= Try it =
Your task is to output the listing exactly, leaving every image out.
'''
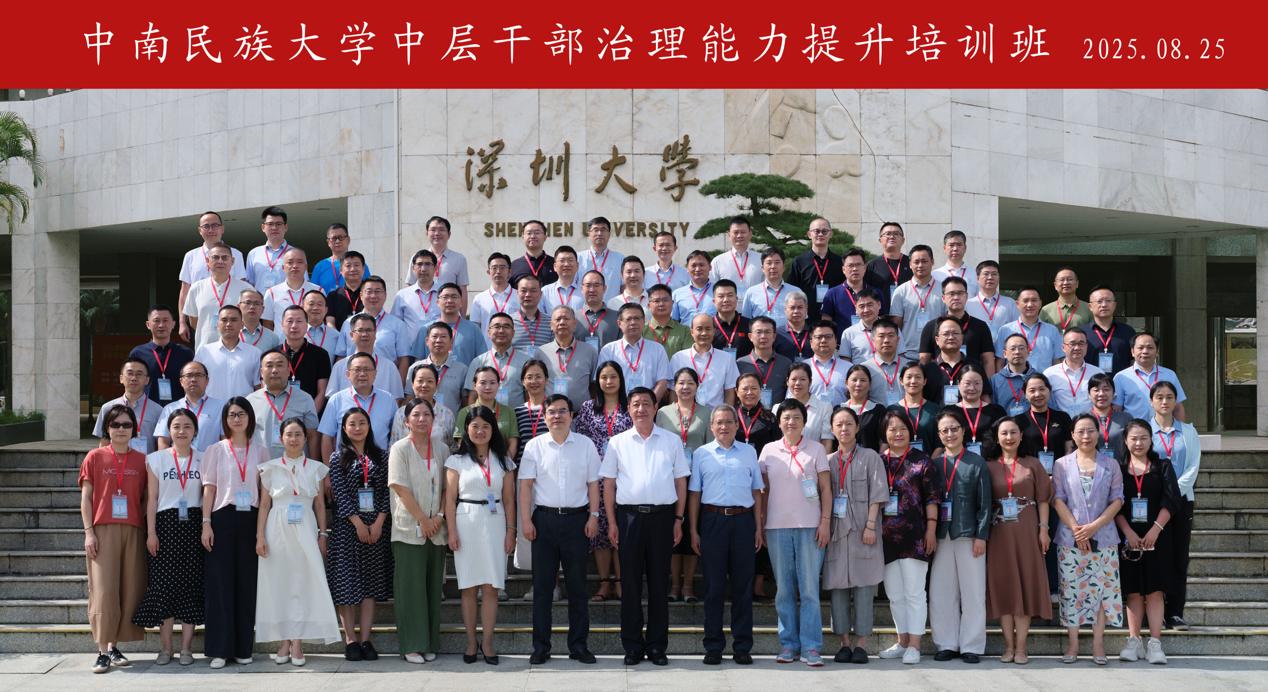 為深入學習貫徹習近平新時代中國特色社會主義思想和黨的二十大及二十屆二中、三中全會精神、中央民族工作會議精神,特別是習近平總書記關于加強和改進民族工作的重要思想、關于教育的重要論述,聚焦教育強國建設,錨定轉型升級高質量發展,進一步拓寬干部視野,提升中層干部履職能力,8月24日至8月30日,學校在深圳大學舉辦2025年暑期中層干部治理能力提升培訓班。
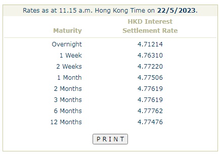 智通财经APP获悉,5月22日,香港银行公会数据显示,港元拆息近乎全线上升,两周至一年期拆息全线高企于4.77厘以上,其中,与楼按相关的一个月拆息连升5天,报4.77506厘,为去年12月16日以来最高,与同期美元LIBOR息差收窄至36基点。不过,隔夜息连升四天创逾15年新高后,今日回落至4.71214厘。
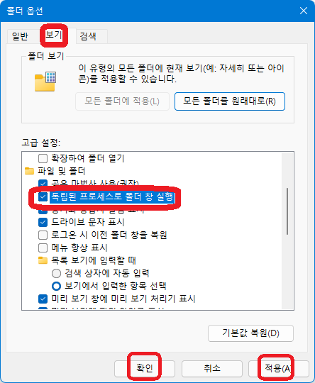 "보기"를 클릭하고 "고급 설정" 옵션 부분에서 "독립된 프로세스로 폴더 창 실행"을 체크 선택하고 "적용"-"확인"을 클릭하자.
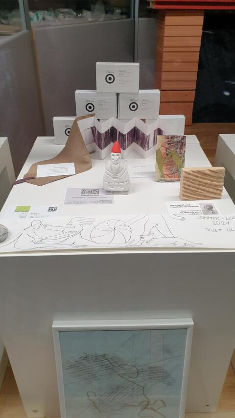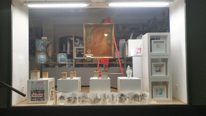 in der Pandemie waren 2021 viele Fachhandelsgeschäfte des nicht täglichen Bedarfs geschlossen. Die Händler stellten in dieser Zeit einen Platz in Ihrem Schaufenster für die Künstler zur Verfügung. So konnten die Einwohner beim Schaufensterbummel, denn Spazierengehen war im Lockdown erlaubt, die Auslagen der Händler und die Kunstwerke der Künstler betrachten. Es entstand ein kleiner Kunstspazierweg.
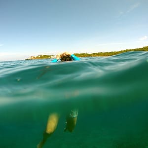 Dostávame sa do príjemnej rutiny. Ranná jóga, najprv mastné vajcové empanády, potom volské oči a čierna káva v záhradke na brale. Potom príde na rad šnorchľovanie. Vo vode to nie je veľká sláva. Ani moc rýb a ani koralu. Navyše keď to začne byť zaujímavejšie, je to už poriadne hlboko. Každý deň ale prináša niečo iné, raz korytnačka v hĺbke, sépie a krabík pri brehu, veľké rohaté ryby a rezidentná baracuda kúsok od brehu.
'''
= Response =
 為深入學習貫徹習近平新時代中國特色社會主義思想和黨的二十大及二十屆二中、三中全會精神、中央民族工作會議精神,特別是習近平總書記關于加強和改進民族工作的重要思想、關于教育的重要論述,聚焦教育強國建設,錨定轉型升級高質量發展,進一步拓寬干部視野,提升中層干部履職能力,8月24日至8月30日,學校在深圳大學舉辦2025年暑期中層干部治理能力提升培訓班。
 智通财经APP获悉,5月22日,香港银行公会数据显示,港元拆息近乎全线上升,两周至一年期拆息全线高企于4.77厘以上,其中,与楼按相关的一个月拆息连升5天,报4.77506厘,为去年12月16日以来最高,与同期美元LIBOR息差收窄至36基点。不过,隔夜息连升四天创逾15年新高后,今日回落至4.71214厘。
 "보기"를 클릭하고 "고급 설정" 옵션 부분에서 "독립된 프로세스로 폴더 창 실행"을 체크 선택하고 "적용"-"확인"을 클릭하자.
 in der Pandemie waren 2021 viele Fachhandelsgeschäfte des nicht täglichen Bedarfs geschlossen. Die Händler stellten in dieser Zeit einen Platz in Ihrem Schaufenster für die Künstler zur Verfügung. So konnten die Einwohner beim Schaufensterbummel, denn Spazierengehen war im Lockdown erlaubt, die Auslagen der Händler und die Kunstwerke der Künstler betrachten. Es entstand ein kleiner Kunstspazierweg.
 Dostávame sa do príjemnej rutiny. Ranná jóga, najprv mastné vajcové empanády, potom volské oči a čierna káva v záhradke na brale. Potom príde na rad šnorchľovanie. Vo vode to nie je veľká sláva. Ani moc rýb a ani koralu. Navyše keď to začne byť zaujímavejšie, je to už poriadne hlboko. Každý deň ale prináša niečo iné, raz korytnačka v hĺbke, sépie a krabík pri brehu, veľké rohaté ryby a rezidentná baracuda kúsok od brehu.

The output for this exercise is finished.